Soft Matter Connection
The importance behind the multidrug resistant efflux pumps lies on the transport of antibiotics through the bacterial cell membranes and in and out of the cell. The results from the article suggest that antibiotics are responsible for modulating gene expression levels in bacteria. The transport of drugs in bacterial cells is mainly mediated by concentration gradients across the cell membrane due to the simplicity of the bacterial cell structure. It would be interesting to compare the energetic costs of pumping drug in and out of the cell and of the drug passing through the cell membrane. Another point that was mentioned in the article was how the halt of cell proliferation when bound onto the poly-L-lysine coated substrate is still not completely explained. Quantifying the mechanical forces on each individual cell and understanding how the poly-L-lysine interacts with the cell surface/membrane can shed light on this problem. Maybe the adsorption onto the poly-L-lysine has an effect on membrane proteins that signal the cell stop proliferation.

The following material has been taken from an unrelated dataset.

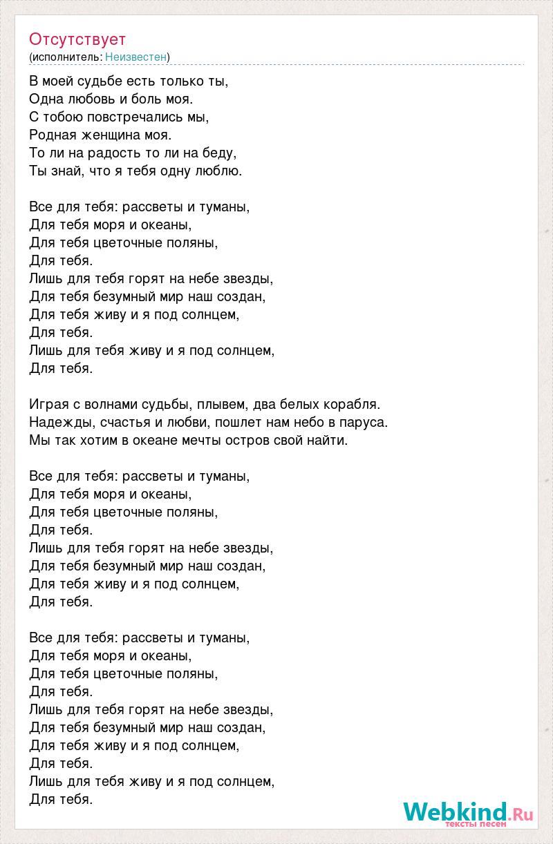 В моей судьбе есть только ты, Одна любовь и боль моя. С тобою повстречались мы, Родная женщина моя. То ли на радость то ли на беду, Ты знай, что я тебя одну люблю. Все для тебя: рассветы и туманы, Для тебя моря и океаны, Для тебя цветочные поляны, Для тебя. Лишь для тебя горят на небе звезды, Для тебя безумный мир наш создан, Для тебя живу и я под солнцем, Для тебя. Лишь для тебя живу и я под солнцем, Для тебя. Играя с волнами судьбы, плывем, два белых корабля. Надежды, счастья и любви, пошлет нам небо в паруса. Мы так хотим в океане мечты остров свой найти. Все для тебя: рассветы и туманы, Для тебя моря и океаны, Для тебя цветочные поляны, Для тебя. Лишь для тебя горят на небе звезды, Для тебя безумный мир наш создан, Для тебя живу и я под солнцем, Для тебя. Все для тебя: рассветы и туманы, Для тебя моря и океаны, Для тебя цветочные поляны, Для тебя. Лишь для тебя горят на небе звезды, Для тебя безумный мир наш создан, Для тебя живу и я под солнцем, Для тебя. Лишь для тебя живу и я под солнцем, Для тебя.

Figure 1. acrAB promoter activity induced with 400 ng/ml of tetracycline.
Figure 2. tet promoter activity of ten single bacterial cells induced at (A) 200 ng/ml of tetracycline, (B) 400 ng/ml, and (C) 1 ug/ml. (D) represents the average ms2-RNA concentration of ten cells. No induction (light gray), 200 ng/ml tetracycline (gray), 400 ng/ml (dark gray), and 1 mg/ml (black).